Сильные женщины. Их боялись мужчины
Шрифт:
— К сожалению, я замечаю, что все меньше людей помнят о нем. Как-то по телевидению я видела уличные опросы молодых людей о Высоцком, и показатель не радует: большинство попавших в кадр не слышало и не знает о нем или слышало когда-то, но забыло. В связи с юбилеем его пытались как-то раскрутить заново, но с тех пор он снова ушел в забвение.
– А почему, как вы думаете?
— И у нас, и на Западе появилось слишком много имен, подверженных раскрутке, тиражированию. И эти новые звезды поддерживает молодежь. Сегодня моду на искусство, на эстраду диктует улица, тусовки. Что же касается лично меня, то, конечно, Володя часть моей жизни и останется в ней навсегда. Из моей души, из души целого поколения людей его не выкинешь. И, мне думается, что он снова вернется. Такое в истории театра, литературы уже было. Вот сейчас я читаю о современниках Пушкина, и что же, один грамотный, образованный пишет другому:
– Я слышал о том, будто бы однажды в Париже перед спектаклем он был в таком состоянии, что не мог играть Гамлета, но благодаря фантастическим приемам физиотерапии, массажа, использования чудесного воздействия на организм финской сауны его вывели из нерабочего состояния и он вышел на сцену как огурчик. И спас славу и честь советского Министерства культуры. Было такое или нет?
— Было, но в Марселе, и не то, о чем вы говорите. Заканчивались наши гастроли, и Володя сорвался. Исчез вовсе. Да так, что его с трудом нашли. Из Парижа прилетела Марина. Дала ему снотворное. Вечером он должен был играть Гамлета. И мы уже репетировали на тот случай, если бы он не доиграл спектакль — все могло быть, даже самое трагическое. Закулисное помещение было крошечным, и единственную гримерку дали мне. И вот Володя между сценами прибегал в эту комнатушку, и его рвало кусками крови. Именно кусками, сгустками. Марина, плача, в ореоле своих пышных длинных волос, сидела рядом и все это наблюдала. И Высоцкий играл в тот вечер гениально.
– Несмотря на…
— Именно «благодаря» этим страшным кровавым кускам. Он играл как бы на краю пропасти. Из последних человеческих сил. И понимал это. Такого Гамлета больше не было. Даже перед «последней» Володиной смертью.

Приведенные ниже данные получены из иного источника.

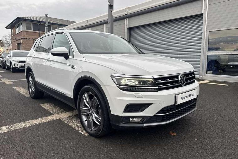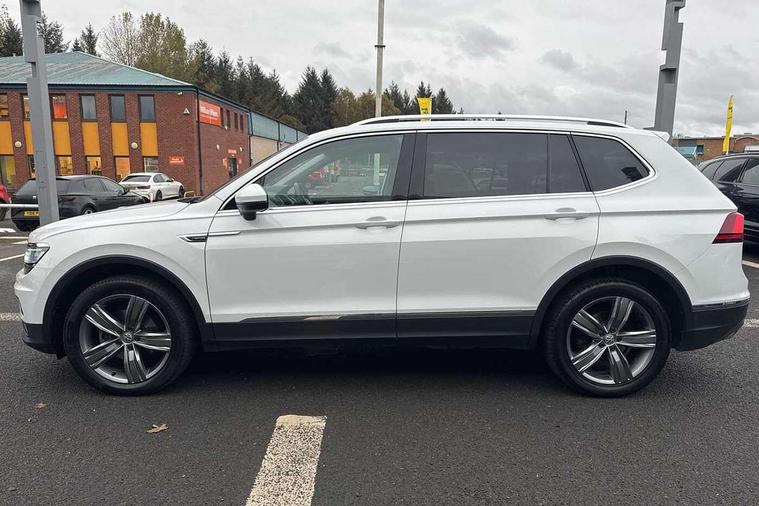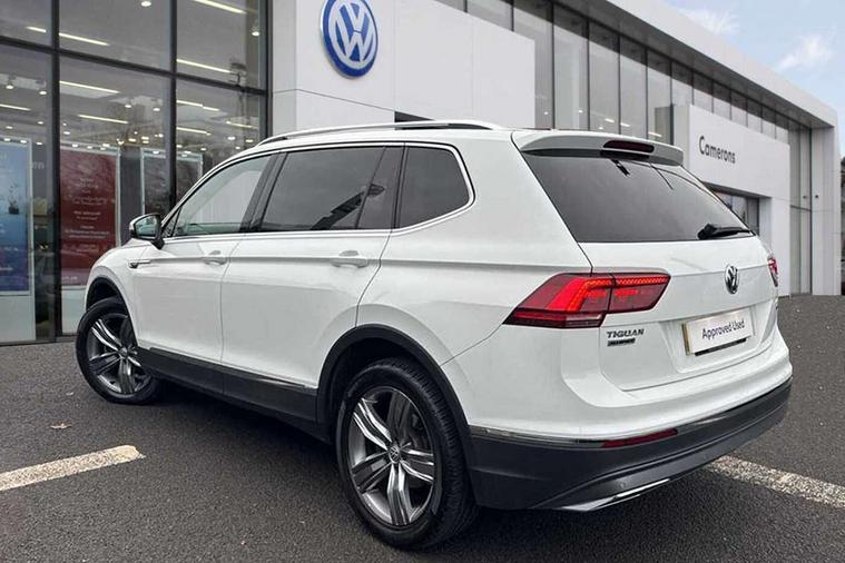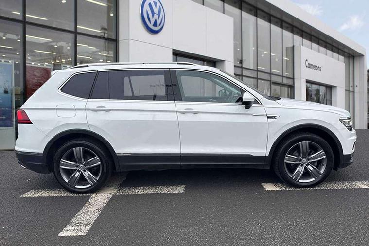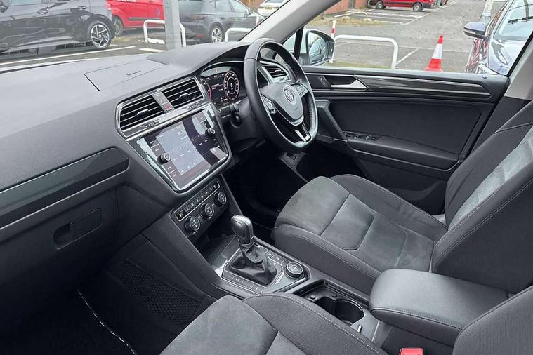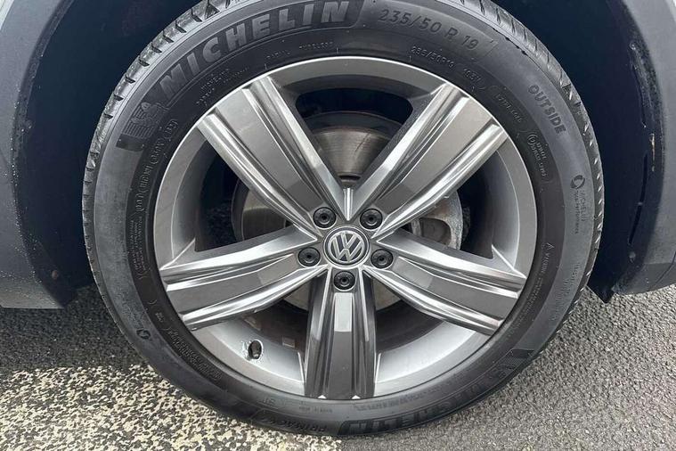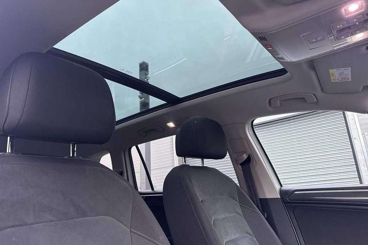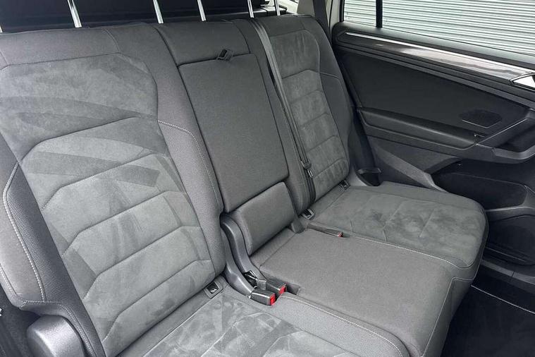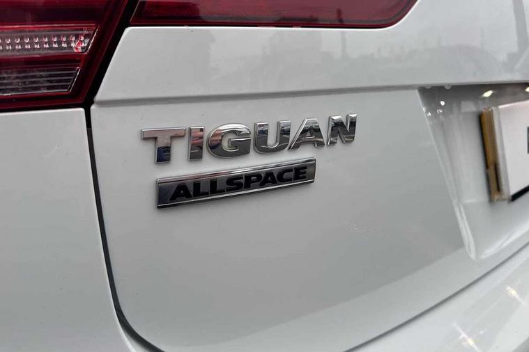 Active information display, Adaptive cruise control, App-Connect, Bluetooth phone integration system, Drive mode selector, Driver profile selection, Fatigue detection system, Front and rear parking sensors, Fully electric tailgate + keyless entry and start, Instrument cluster, Lane assist, Low washer fluid warning light, Outside temperature display, Service interval indicator, Speed limiter, Warning lights, Diesel particulate filter, XDS electronic differential lock, 2x USB sockets in front, Aux-in socket, DAB Digital radio, SD card slot, 3D effect LED rear lights, Auto dimming interior mirror, Automatic activation of hazard warning lights, Black door protector with chrome inserts, Body colour door handles, Body colour door mirrors, Body coloured bumpers, Chrome side body trim, Chrome side window surrounds, Chrome trimmed radiator grille, Coming/leaving home lighting function, Dusk sensor + auto driving lights, Electric folding door mirrors, Electric heated + adjustable door mirrors, Electric panoramic sunroof with sunblind, Front and rear electric windows, Heated rear window, LED headlights with dynamic light assist daytime running lights and cornering front fog lights, Rain sensor windscreen wipers, Rear tinted windows from B pillar back, Rear windscreen washer and wiper with interval delay, Silver rear diffuser trim, Silver roof rails, Silver under body guard, Trailer Stability Programme, Windscreen wipers/ intermittent wipe + 4 position delay, 12V Accessory socket in centre console, 12V socket in luggage compartment, 2 head restraints in 3rd row, 2 individual 3rd row seats, 3 head restraints in 2nd row, 3 zone climate control, 4 load lashing points, 40:20:40 split folding rear seats, Bag hook in luggage compartment, Driver + front passenger lumbar support, Foldable passenger seatback, Front + rear carpet mats, Front centre armrest with 12v socket, Front centre armrest with storage + rear 2 air vents + cupholders, Front seatback folding tables, Front sports seats, Height/reach adjust steering wheel, Illuminated driver/passenger vanity mirrors, Illuminated scuff plates, Interior light with delay, Isofix Preparation 2 Rear child seats, Leather gear knob, Load through provision with 2 cupholders when folded, Lockable cooled glovebox, Luggage compartment lighting, Luggage compartment side storage, Map pockets on front seats, Passenger seat height adjuster, Passenger underseat drawer, Rear cupholders, Removable luggage cover, Sliding/reclining rear seats, Storage compartment in driver's door, Storage compartment in passenger's door, Storage tray on dashboard, Sunglasses storage, Variable boot floor, Ambient lighting pack - Tiguan, 3 point seatbelts on all seats, ABS+EBD+Brake assist, Active bonnet, Active pedestrian safety system, Curtain airbags, Driver/Front Passenger airbags, Driver/Passenger whiplash optimised head restraints, Drivers knee airbag, DTC - Drag torque control, Electronic parking brake with auto hold, ESP with EDL + ASR, First aid kit, Front side airbags, Head airbag system, Height adjustable front 3 point seatbelts + pretensioners, Hill hold control, Passenger airbag deactivate switch, Passenger knee airbag, Pre crash system, Rear side airbags, Seatbelt warning lamp and buzzer, Two tone horn, Warning triangle, Alarm with interior protection, Electronic engine immobiliser, Remote central locking with 2 remote folding keys, Chrome door trim inserts, Piano black interior trim, Steel space saver spare wheel,

– Смерть, на краю пропасти, кровь… Сегодня эти слова особенно касаются искусства. Кажется, рядом с вами в этом доме заживо сгорела талантливая актриса Елена Майорова.
— Не совсем точно, она жила в доме возле служебного входа в театр Моссовета. Уже объятая пламенем, она вбежала в служебный вход театра, и дежурившие старушки, закрутив ее в ковер, вызвали «скорую помощь». Кошмарный случай.
– Вы живете в доме с историей. Главная улица Москвы, сколько здесь сгорело судеб, какие личности ушли в небытие. Вы любопытствовали, кто, скажем, до вас занимал эту прекрасную квартиру? Привидения, фантомы не мучают?
— Конечно, интересовалась: один из сталинских дипломатов, посол. А за стенкой вот уж и впрямь фантом — любовница одного из самых жутких персонажей XX века. Даже вымолвить страшно.
– Никогда не забуду, как десять лет назад в зале «Россия» вы впервые публично читали «Реквием» Анны Ахматовой, трагический документ той эпохи.
— Да, зал был полон. Мы тогда решили собрать деньги на реставрацию храма у Никитских ворот, где венчался Пушкин. Мы — это Спиваков, Володя Васильев, другие. И решили организовать премьеру премьер. Впервые, кажется, тогда публично произнесли само слово «благотворительность». Как много утекло с той поры.
– Алла Сергеевна, не боитесь суда будущего над вашим творчеством? Как не боялась его Ахматова или тот же Высоцкий?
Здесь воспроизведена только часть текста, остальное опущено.